Oh, and welcome to the forums


----------



## MADMACMAN (Mar 25, 2004)

Thx for the try,
yes in fink you can install the xml parser & mpeg2dec..i did it and it makes the configure fine after that i type make and it starts but at the end i got some error msg...hmm the same with make install...Is there a possibility in fink to compile the package ? i have no found an option how to add an App to the list...I mail'd also the Author and he replys that it sould compile with fink and run then fine...also try not only the last version ....the stable 1.0.0 version is maybe better...also to install via Fink is GTK-1.2...i all did it but with an error at the end....mabe i did something wrong...


----------



## Viro (Mar 25, 2004)

Under fink, you need to install the mpeg2dec-dev package.

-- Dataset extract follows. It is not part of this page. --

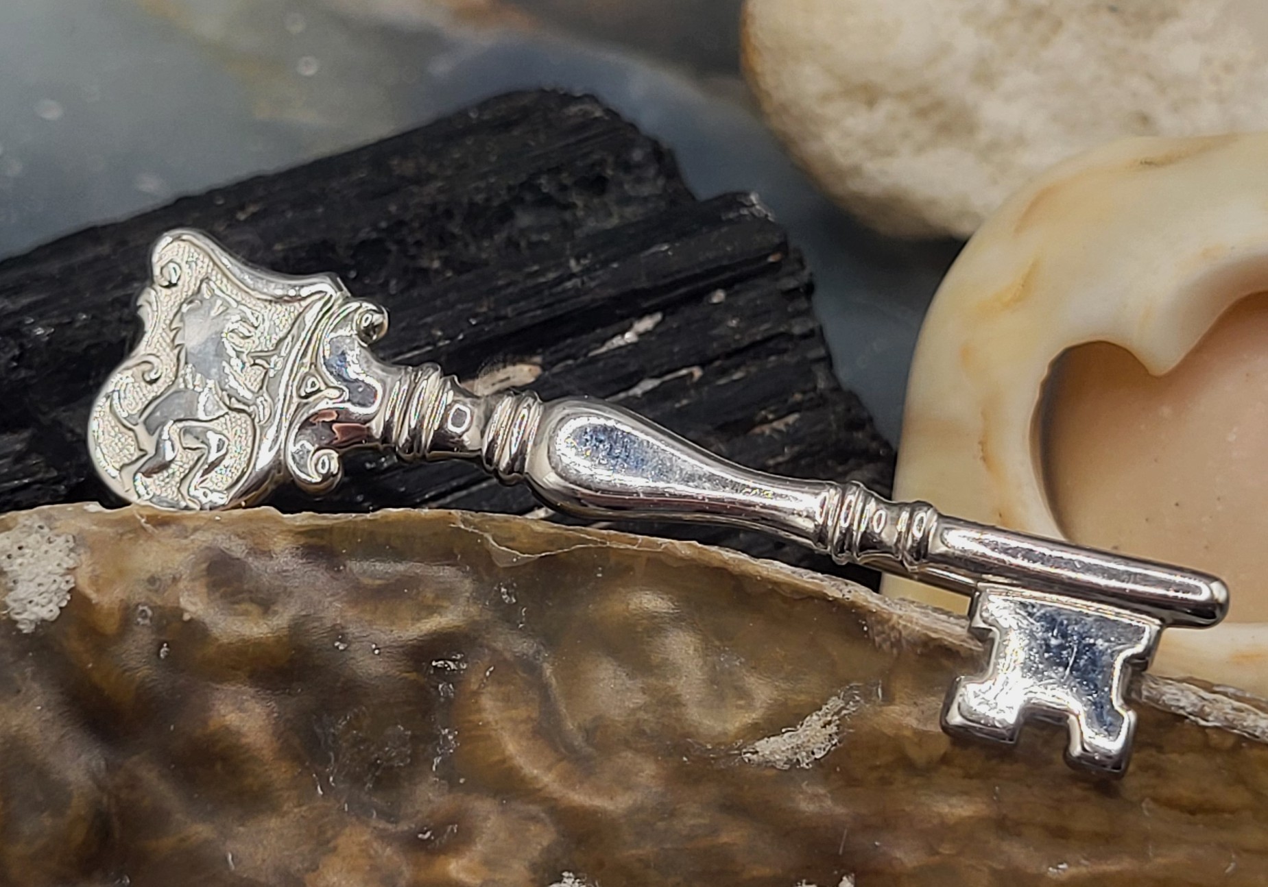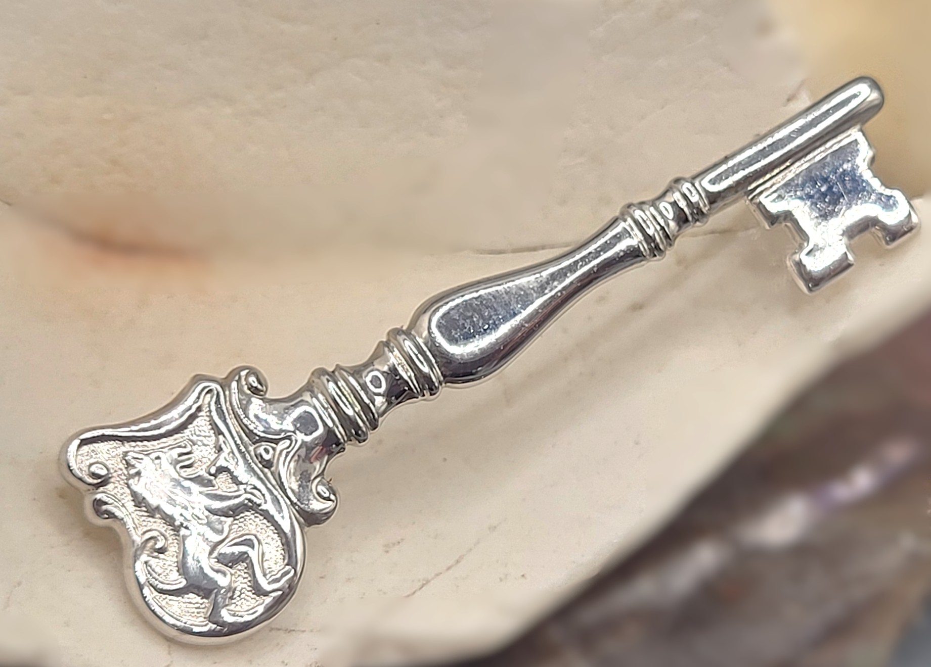 Bearing the Towle hallmark on the crest of the key, this sterling silver brooch is a beautiful example of key jewelry. It is approximately 2" long and has a locking "C" clasp that works well. 5.28g Admin: 33120/10.e

This is the package that includes the mpeg2dec/mpeg2.h header file that is complains about. From looking at the configure output of gopchop, it seems like you might need the gtk+, g77 packages as well.

Then in the directory where you unpacked gopchop, you need to do the command ./configure.

This isn't as easy as it sounds, as you need to pass it certain flags. The following is my configure command


> ./configure CXX="g++" CFLAGS="-I/sw/include -O2 -mcpu=7450" LDFLAGS=-L/sw/lib CXXFLAGS=$CFLAGS CPPFLAGS=$CXXFLAGS ACLOCAL_FLAGS="-I /sw/share/aclocal" PKG_CONFIG_PATH="/sw/lib/pkgconfig"



After this, you can do the following


> make
> sudo make install



Then you can run GOPchop, and it will run  I've got it up and running now.


----------



## MADMACMAN (Mar 25, 2004)

wow cool i try it now again...do ya think it will easy to port to cocoa ?
is it possible to make an xcode project from it so that it will be easya to compile & modify ? can someone help with that ? thx for help ::love::  ::angel::


----------



## Viro (Mar 25, 2004)

MADMACMAN said:
			
		

> wow cool i try it now again...do ya think it will easy to port to cocoa ?
> thx



No, I don't think it'll be easy to port to Cocoa. At least, I don't have the time to port it to Cocoa, plus since I use OroborOSX as an X11 window manager, I get pretty good integration with OS X (i.e. copy and paste support).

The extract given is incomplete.